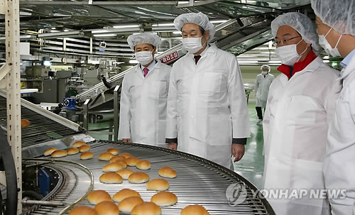 | △ 새누리당 김무성 대표가 현장행보를 강화하고 있다. 사진은 김 대표가 지난 19일 경기도 성남에 있는 샤니 공장을 찾아가 빵 생산과정을 둘러보고 있는 모습. |
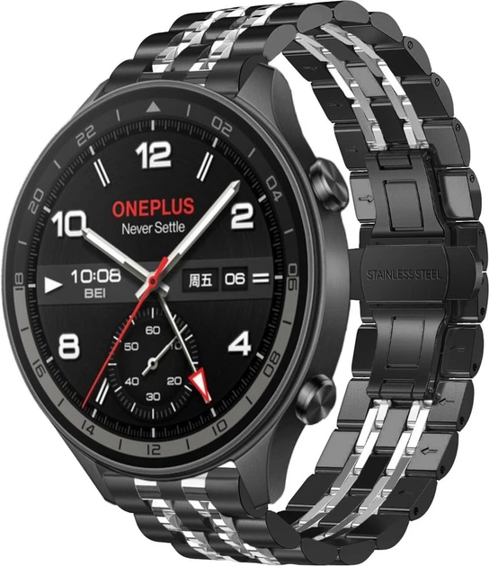Металевий браслет Spinye Line для OnePlus Watch 2R Black Silver (42832-03)
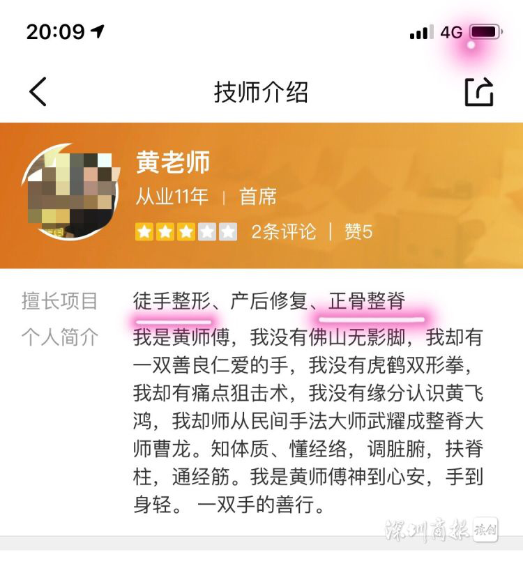 涉事黃師傅在美團(tuán)上介紹顯示為首席技師,其從業(yè)11年,擅長(zhǎng)項(xiàng)目為徒手整形、產(chǎn)后修復(fù)、正骨整脊。值得注意的是,該店在美團(tuán)上評(píng)價(jià)為五星滿分。
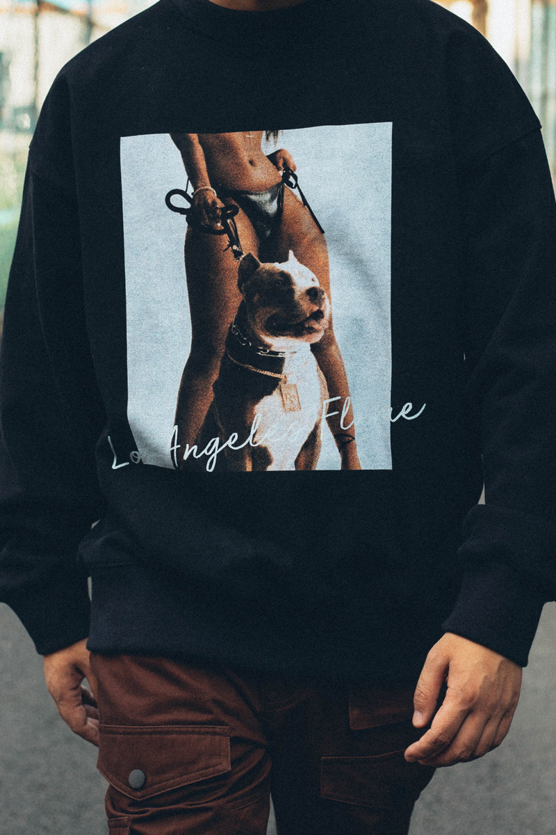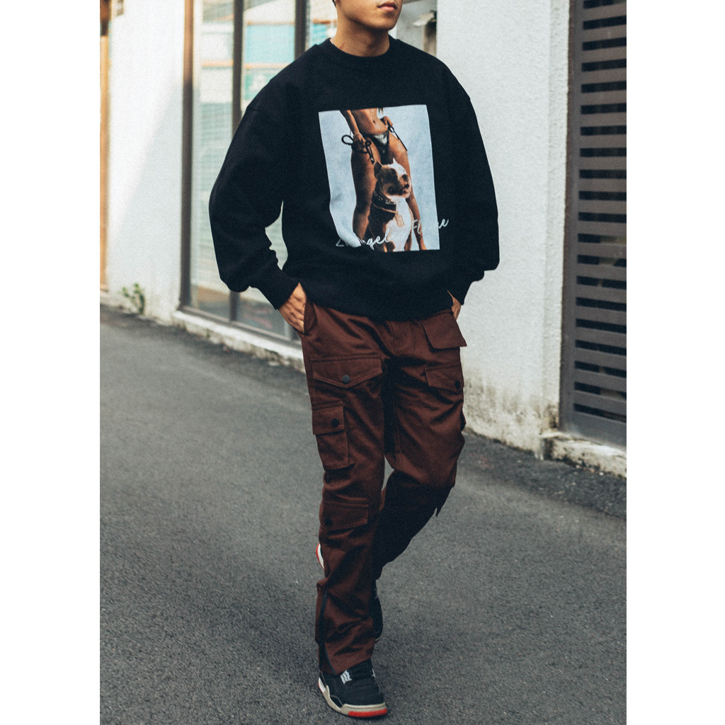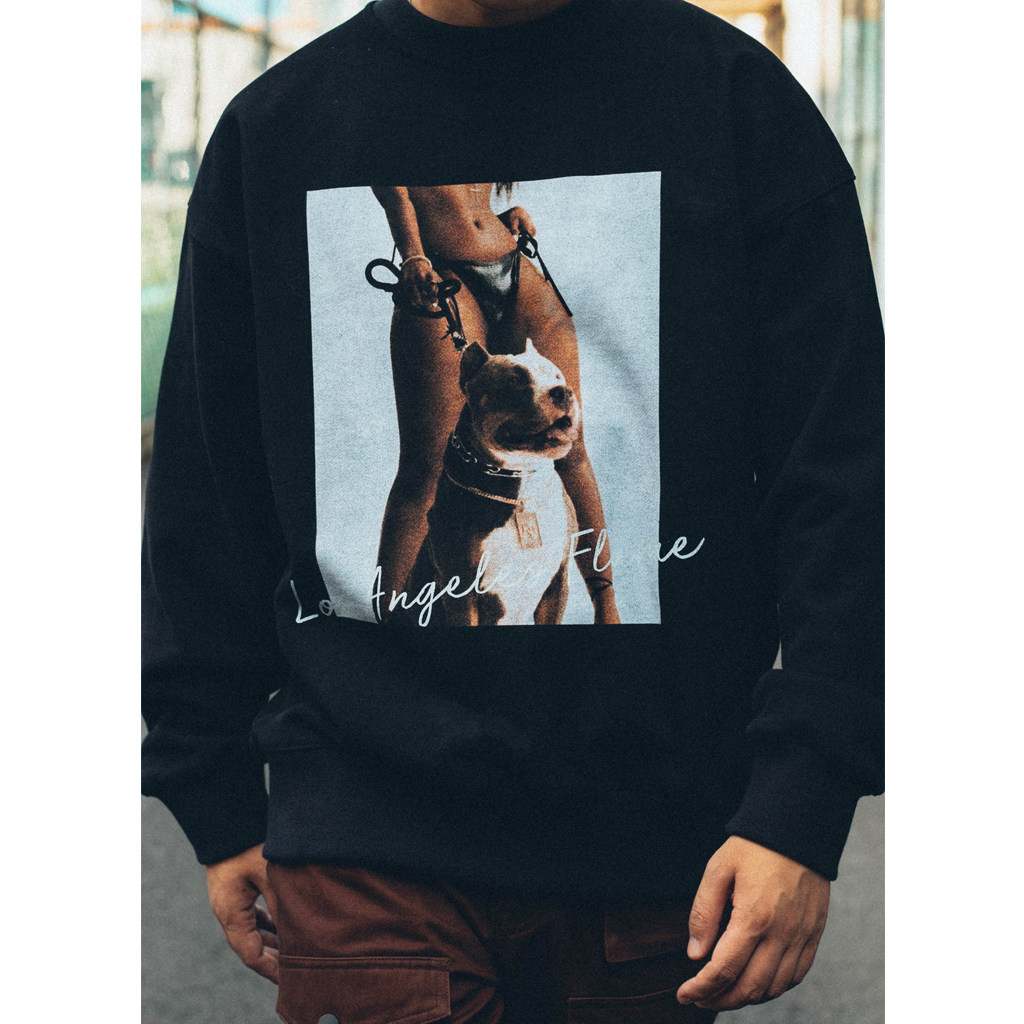 Antiadote20aw Street 460G плюс бархатный хулиганский собака фото печать круглого шеи.

→ WHAT THE TASK ASKS
Copy exactly, and copy nothing else: the lines from the one containing "涉事黃師傅在美團(tuán)" through the end of the data, both ends included, with pictures left out.

→ ANSWER BOX
 涉事黃師傅在美團(tuán)上介紹顯示為首席技師,其從業(yè)11年,擅長(zhǎng)項(xiàng)目為徒手整形、產(chǎn)后修復(fù)、正骨整脊。值得注意的是,該店在美團(tuán)上評(píng)價(jià)為五星滿分。
 Antiadote20aw Street 460G плюс бархатный хулиганский собака фото печать круглого шеи.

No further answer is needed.